Nugent was still commandant when the First World War broke out in August 1914. When Colonel Charles FitzClarence (who had succeeded him in command of the Irish Guards' regimental district and the 5th London Brigade) was transferred to command the 1st (Guards) Brigade in the British Expeditionary Force (BEF), Nugent was brought back to command the 5th London Brigade. He was promoted to the temporary rank of brigadier general on 24 September.

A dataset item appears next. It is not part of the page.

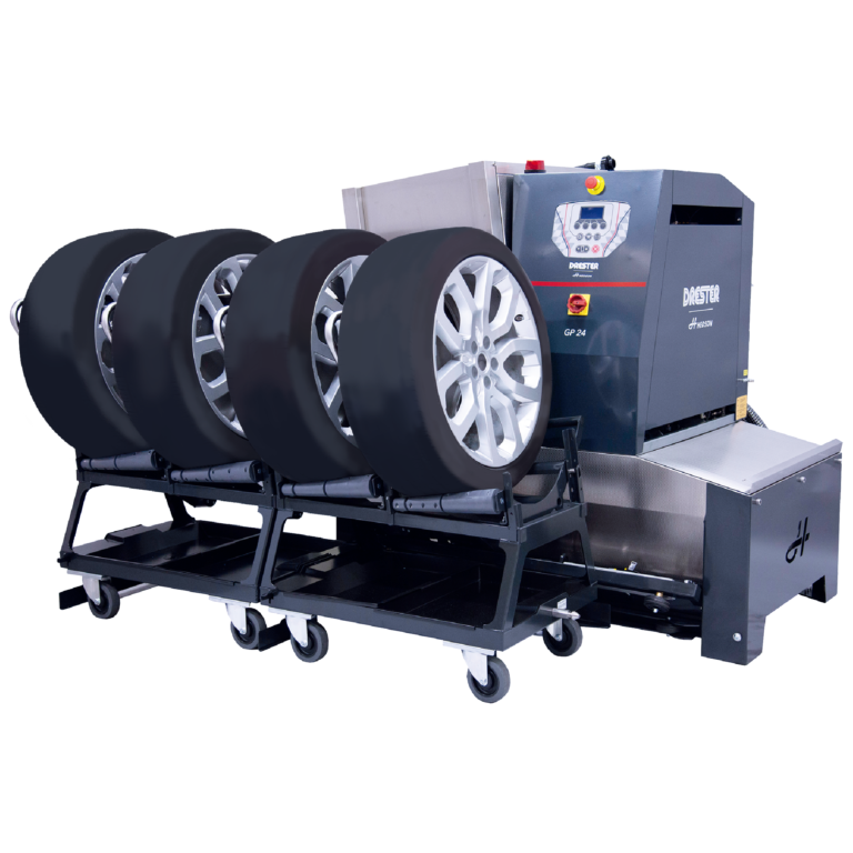 ホイールトロリーにタイヤ・ホイールをセットするだけで4本連続の自動洗浄が可能に。
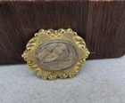Early 1800s mourning brooch that has woven hair under original glass. The hair is a mix of light and brown in a pretty arrangement. The brooch has a C clasp and tube hinge. The front is 10k gold front and silver tone in the back. The brooch measures measures 1 1/8" high and 1 1/2" across. The pin extends 1/8" from the edge. The stem is wavy but fits well in the C clasp. Nice antique condition. The glass is very nice. Please see photos as part of the description. They are enlarged to show detail. Thank you for looking! From a smoke free home. Check out our other items ! Be sure to add us to your favorites list ! Thank you for viewing our auction. Stop in again. We have a huge collection of vintage & antique jewelry and collectibles. Have fun and happy bidding! Ohio residents pay applicable sales tax.

In October, the 2nd London Division was selected for service on the Western Front, where the BEF under Field Marshal Sir John French was engaged in heavy fighting, and progressive training was carried out through the winter. Nugent's brigade was the leading element of the division to land in France on 9 and 10 March 1915. In May the division (already known in France simply as 'The London Division' to distinguish it from the Regular Army's 2nd Division) took its place in the line and was designated the 47th (1/2nd London) Division, with the brigades numbered consecutively: Nugent's 5th London became the 141st (1/5th London) Brigade.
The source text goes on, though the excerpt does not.